Kortom, de burger, de kiezer en de werknemer komen op de achtergrond te staan ten opzichte van de consument. Een ander antwoord komt echter steeds vaker voor: religie. Ook hier moet een aantal zaken worden onderscheiden. Ten eerste wordt religie over het algemeen opgevat als een georganiseerde cultus, d.w.z. een sociaal verschijnsel; het religieuze gevoel dat het veronderstelt, wordt genegeerd. Ten tweede wordt deze « religieuze » reactie des te meer toegepast wanneer de koopkracht laag is, het gevoel van sociale onrechtvaardigheid groot is, en het bewijs van westers racisme en islamofobie gemeenschappen en zelfs hele naties verstikt. Ten derde komt deze religieuze uiting van een sociaal-politieke malaise historisch vaak voor.
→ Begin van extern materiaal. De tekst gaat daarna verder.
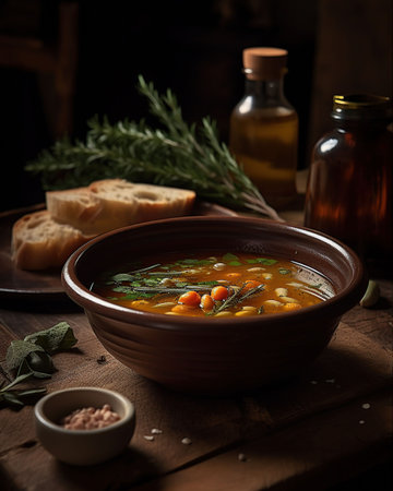 An AI generated illustration of A close-up shot of a bowl of vegetable soup

De Ieren, bijvoorbeeld, hebben min of meer spontaan een katholieke vorm gegeven aan hun nationalistische gevoelens gedurende 800 jaar Britse onderdrukking (waarvan niemand de extreme wreedheid is vergeten). Ten vierde kan religie ook aanzetten tot politiek of worden geïnstrumentaliseerd voor politieke doeleinden… (Deze nota werd geschreven vóór de gebeurtenissen van 7 januari).
Moeten we bang zijn voor de totalitaire driften van « democratieën »? Absoluut, het is essentieel omdat angst mobiliseert. In tegenstelling tot wat men zou kunnen denken, is het huidige politieke spel niet gericht op het aanwakkeren van angst, maar eerder op het creëren van angst, die verlammend werkt. De angstige persoon is bang om bang te zijn of bang voor een « fantoom » dreiging (!), de angstige persoon kent de vijand en zal, afhankelijk van de omstandigheden, vluchten of vechten…
- Voir « Le partenariat transatlantique de commerce et d’investissement : un-traité cryptique aux origines oubliées et aux conséquences secrètement totalitaires ». www.kairospresse.be.
- Voir à ce propos, dans le dossier du Kairos 16 de novembre 2014, la distinction salutaire entre pauvreté conviviale, pauvreté volontaire et pauvreté modernisée.